-- TASK MATERIAL --
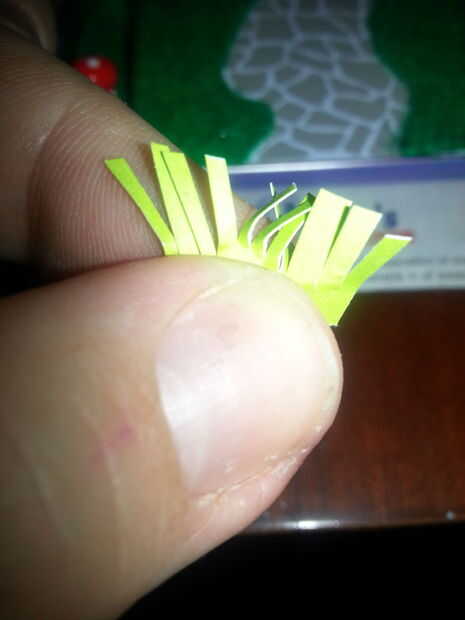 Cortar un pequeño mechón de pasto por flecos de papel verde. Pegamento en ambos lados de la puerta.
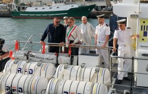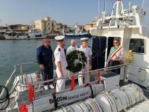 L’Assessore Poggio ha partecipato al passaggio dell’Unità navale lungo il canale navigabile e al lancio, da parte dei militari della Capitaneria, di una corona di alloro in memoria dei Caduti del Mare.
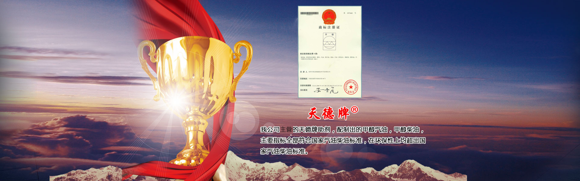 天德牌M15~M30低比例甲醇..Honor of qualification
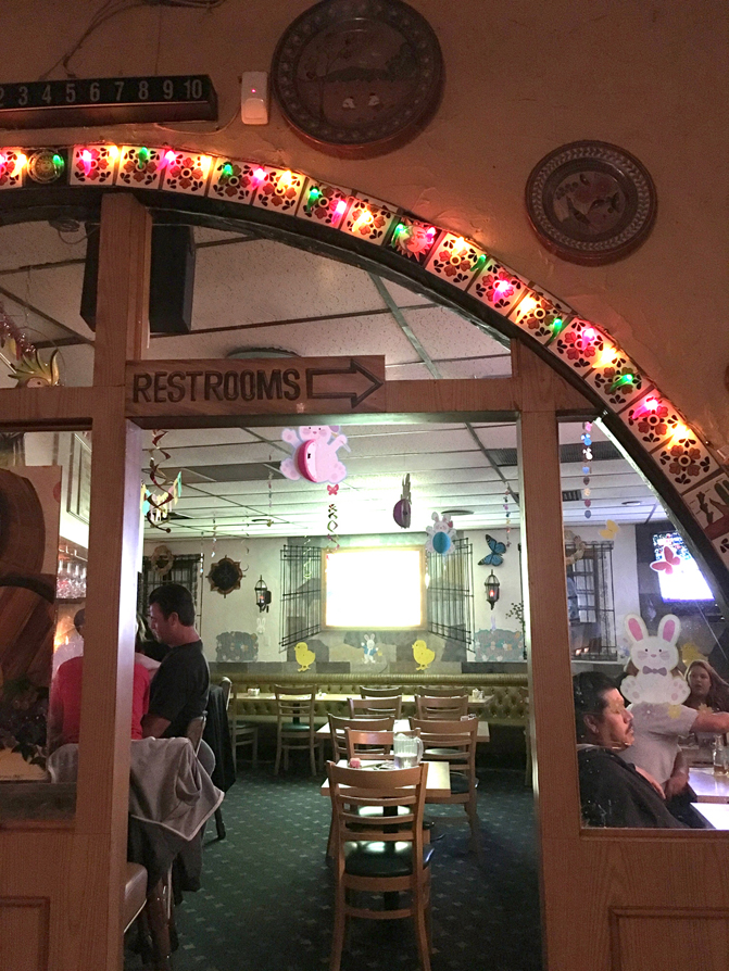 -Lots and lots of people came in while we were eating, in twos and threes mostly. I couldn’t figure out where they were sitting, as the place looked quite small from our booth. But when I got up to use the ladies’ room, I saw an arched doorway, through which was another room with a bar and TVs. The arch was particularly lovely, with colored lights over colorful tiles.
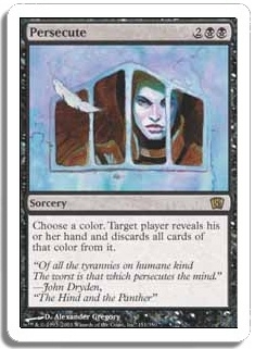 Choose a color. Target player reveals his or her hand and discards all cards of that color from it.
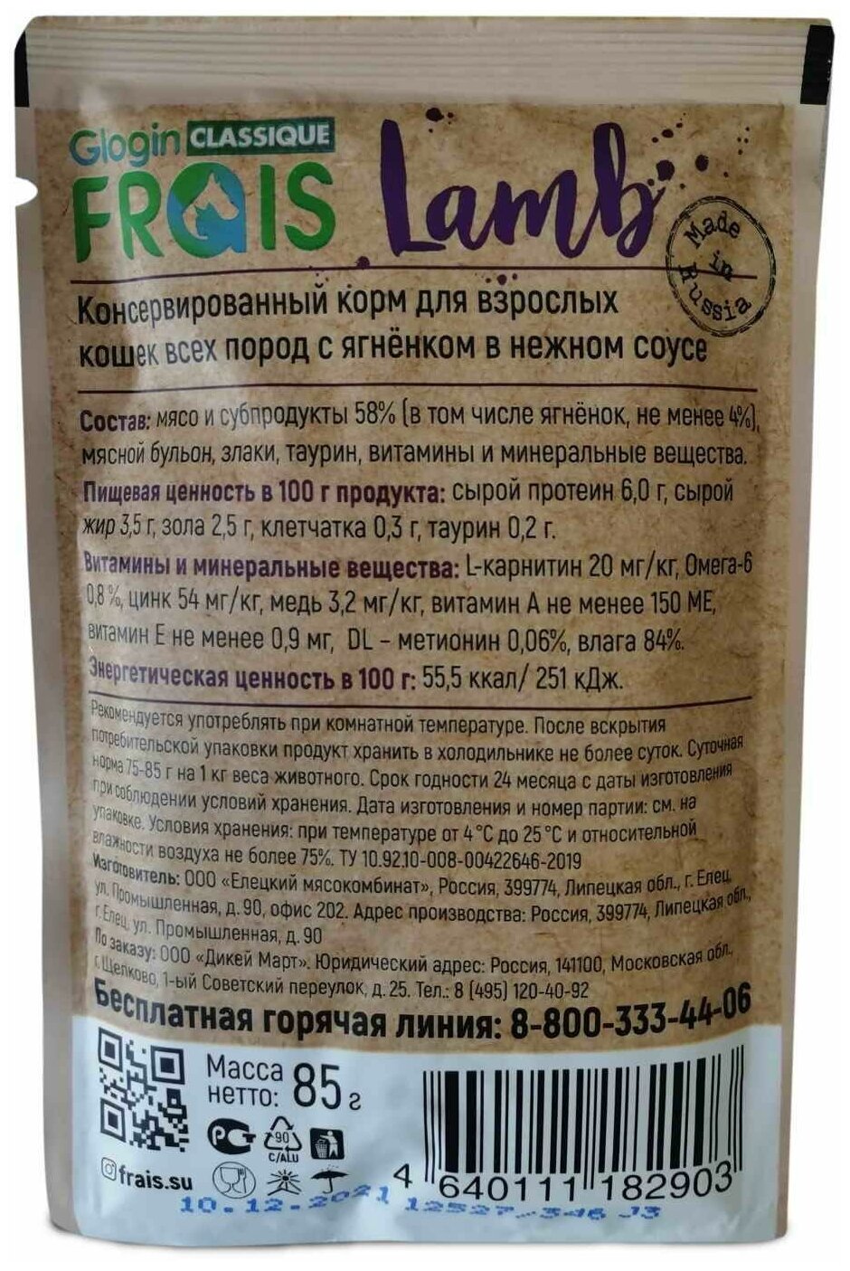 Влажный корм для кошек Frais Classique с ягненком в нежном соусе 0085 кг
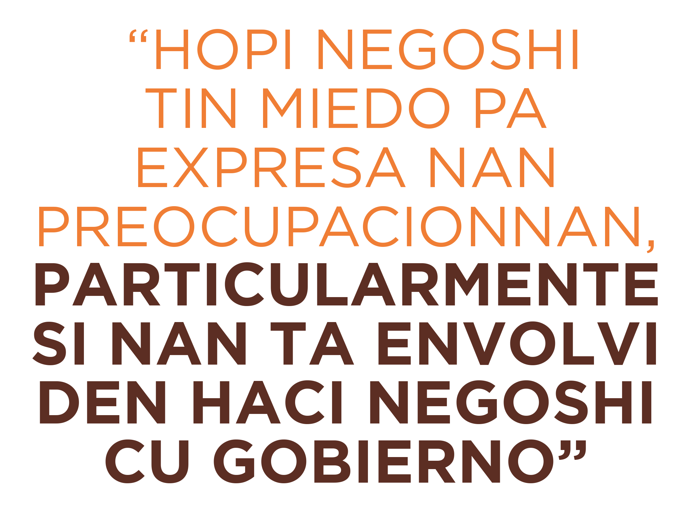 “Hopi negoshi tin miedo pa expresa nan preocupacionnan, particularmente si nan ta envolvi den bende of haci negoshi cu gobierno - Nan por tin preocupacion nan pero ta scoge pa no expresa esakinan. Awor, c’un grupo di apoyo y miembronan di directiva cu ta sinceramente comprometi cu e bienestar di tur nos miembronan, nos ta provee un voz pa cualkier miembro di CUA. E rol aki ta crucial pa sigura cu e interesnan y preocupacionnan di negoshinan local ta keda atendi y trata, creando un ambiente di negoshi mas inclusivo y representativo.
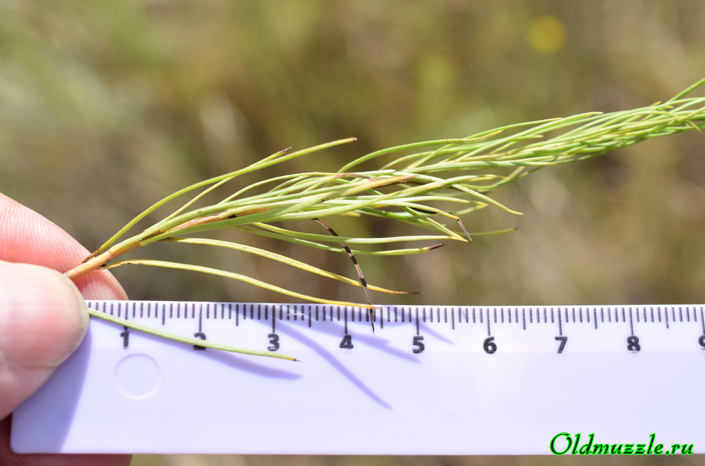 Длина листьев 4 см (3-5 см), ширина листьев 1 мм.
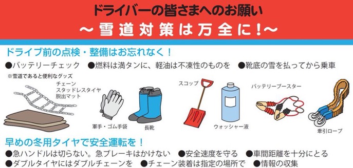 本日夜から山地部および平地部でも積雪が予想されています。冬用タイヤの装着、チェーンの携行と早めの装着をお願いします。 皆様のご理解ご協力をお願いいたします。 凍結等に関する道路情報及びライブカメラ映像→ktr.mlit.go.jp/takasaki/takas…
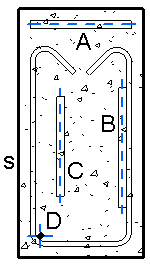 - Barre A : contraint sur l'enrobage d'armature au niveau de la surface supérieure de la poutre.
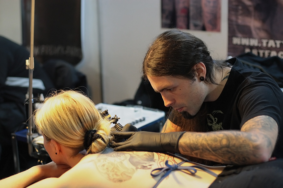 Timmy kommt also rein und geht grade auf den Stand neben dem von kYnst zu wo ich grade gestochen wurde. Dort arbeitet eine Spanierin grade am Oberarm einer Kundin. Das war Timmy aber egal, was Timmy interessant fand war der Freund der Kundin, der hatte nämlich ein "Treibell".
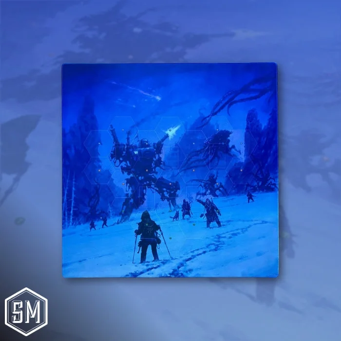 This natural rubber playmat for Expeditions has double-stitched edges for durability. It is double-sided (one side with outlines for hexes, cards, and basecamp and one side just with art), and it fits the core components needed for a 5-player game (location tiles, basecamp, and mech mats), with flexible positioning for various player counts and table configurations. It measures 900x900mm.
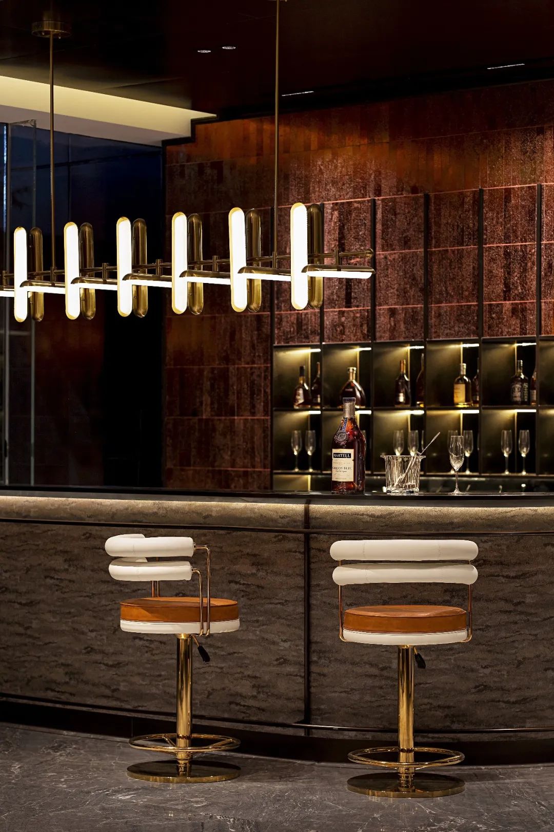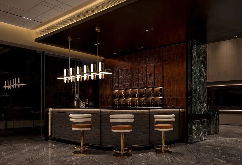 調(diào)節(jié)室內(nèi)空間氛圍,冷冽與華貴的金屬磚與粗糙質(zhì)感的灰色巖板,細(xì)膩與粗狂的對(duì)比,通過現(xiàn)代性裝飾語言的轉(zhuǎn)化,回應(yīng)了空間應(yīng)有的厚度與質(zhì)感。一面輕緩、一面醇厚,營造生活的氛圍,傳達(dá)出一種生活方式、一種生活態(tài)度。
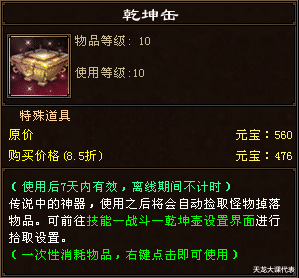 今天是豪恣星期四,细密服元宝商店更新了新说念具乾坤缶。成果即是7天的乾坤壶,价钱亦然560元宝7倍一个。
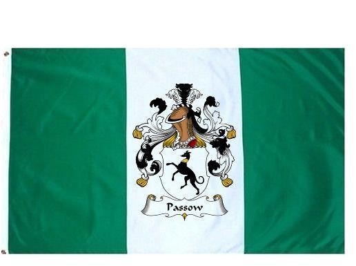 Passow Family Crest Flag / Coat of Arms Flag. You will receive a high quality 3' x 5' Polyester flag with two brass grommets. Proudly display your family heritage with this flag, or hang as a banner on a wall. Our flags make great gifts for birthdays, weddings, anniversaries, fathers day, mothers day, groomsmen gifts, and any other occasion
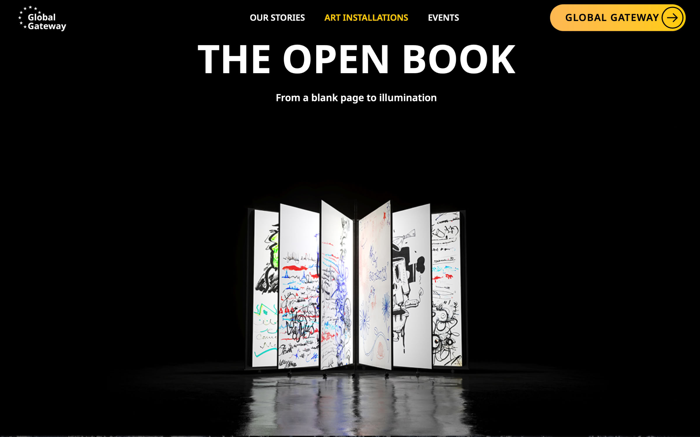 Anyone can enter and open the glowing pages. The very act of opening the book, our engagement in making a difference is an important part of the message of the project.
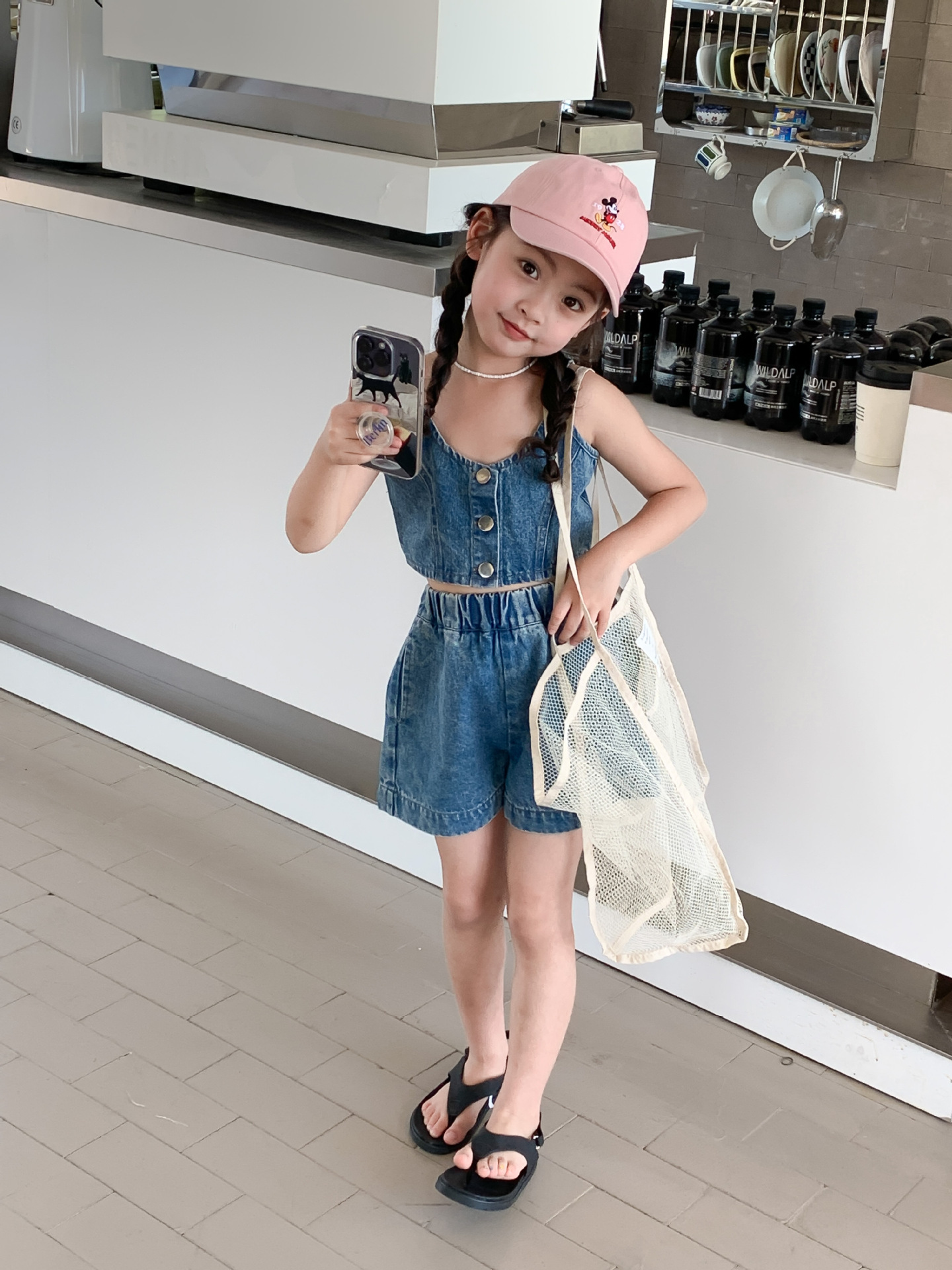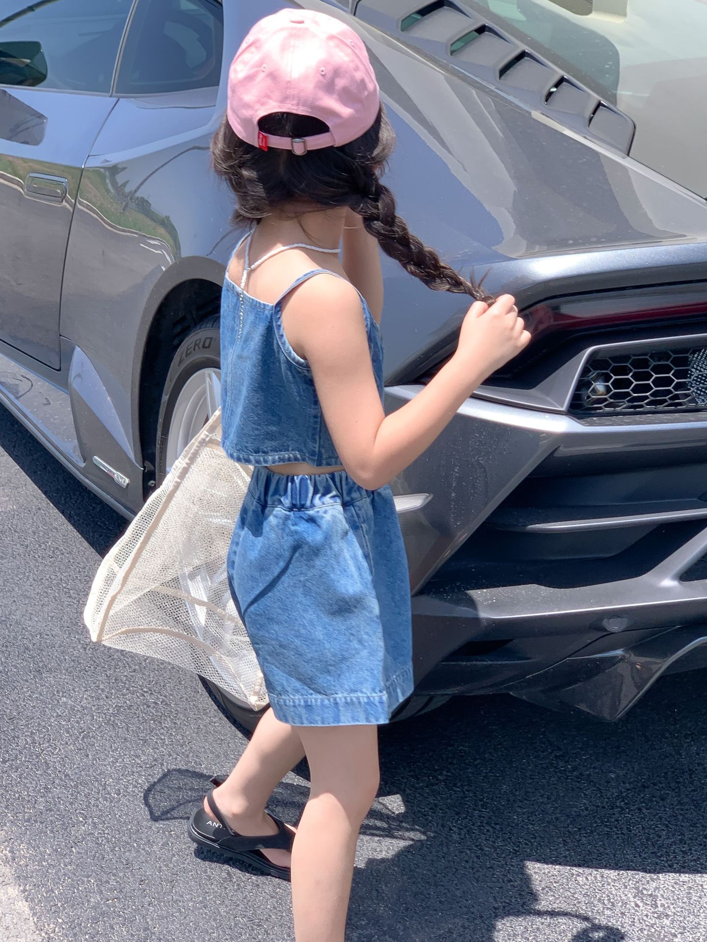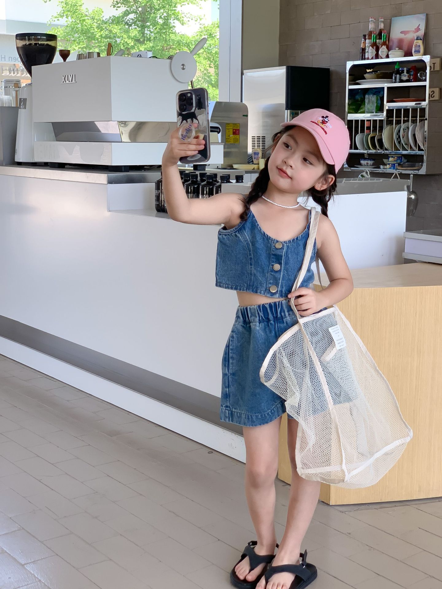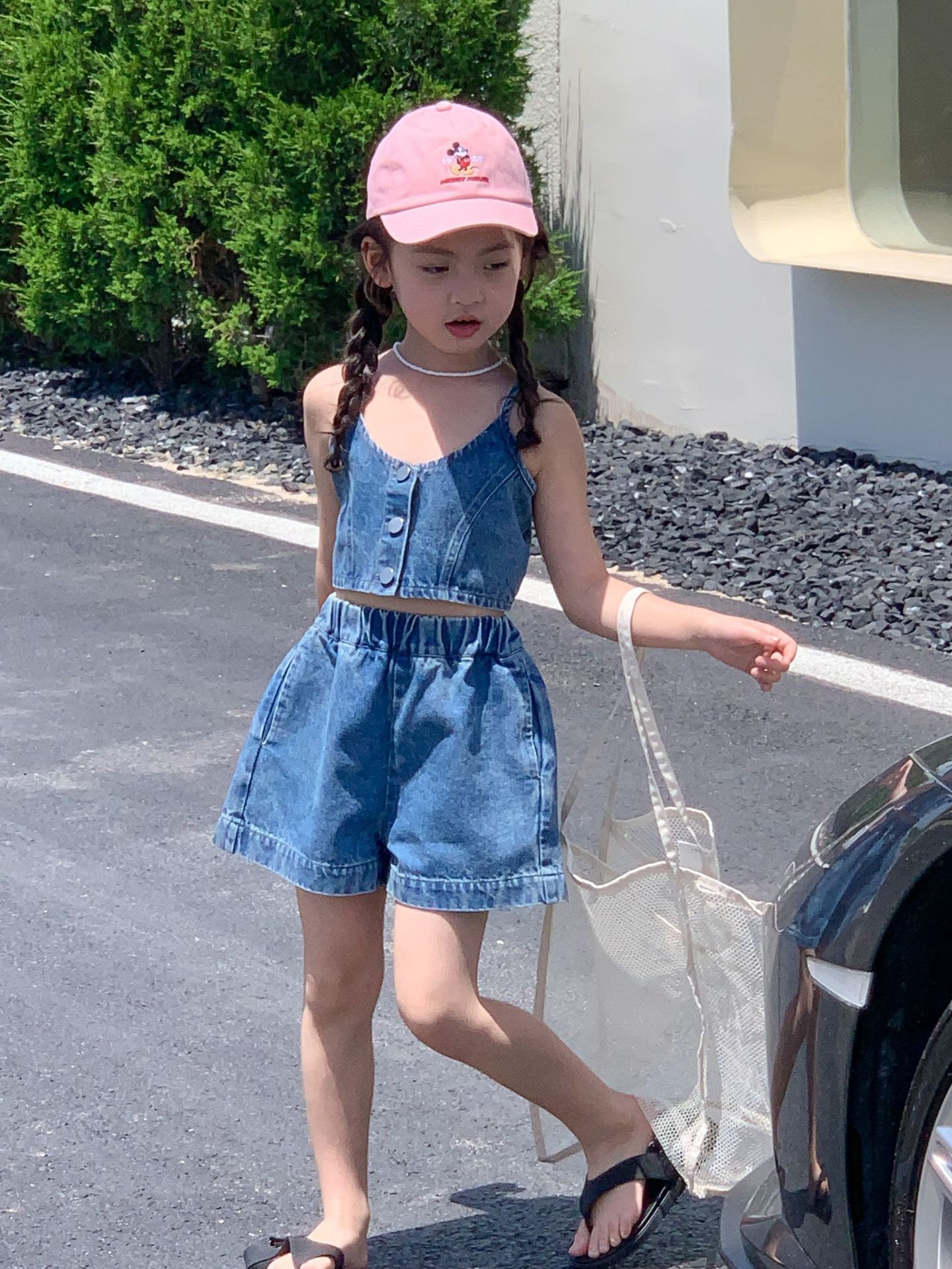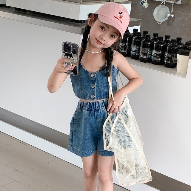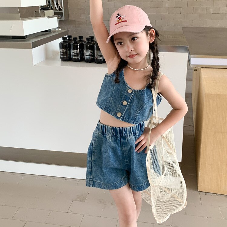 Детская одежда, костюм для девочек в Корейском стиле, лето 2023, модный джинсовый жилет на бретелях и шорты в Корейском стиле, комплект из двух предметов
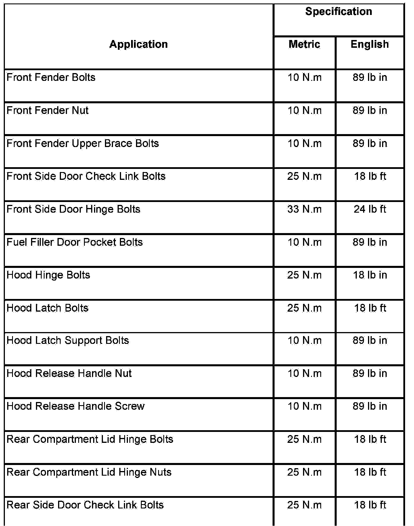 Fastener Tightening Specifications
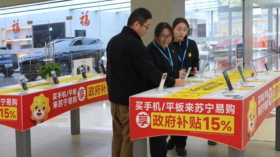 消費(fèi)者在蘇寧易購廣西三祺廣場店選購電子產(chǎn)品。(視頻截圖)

-- WHAT IS REQUIRED --
Excluding pictures, copy exactly the lines from the line containing "Anyone can enter" through the last line of the data, inclusive.

-- RESPONSE --
 Anyone can enter and open the glowing pages. The very act of opening the book, our engagement in making a difference is an important part of the message of the project.
 Детская одежда, костюм для девочек в Корейском стиле, лето 2023, модный джинсовый жилет на бретелях и шорты в Корейском стиле, комплект из двух предметов
 Fastener Tightening Specifications
 消費(fèi)者在蘇寧易購廣西三祺廣場店選購電子產(chǎn)品。(視頻截圖)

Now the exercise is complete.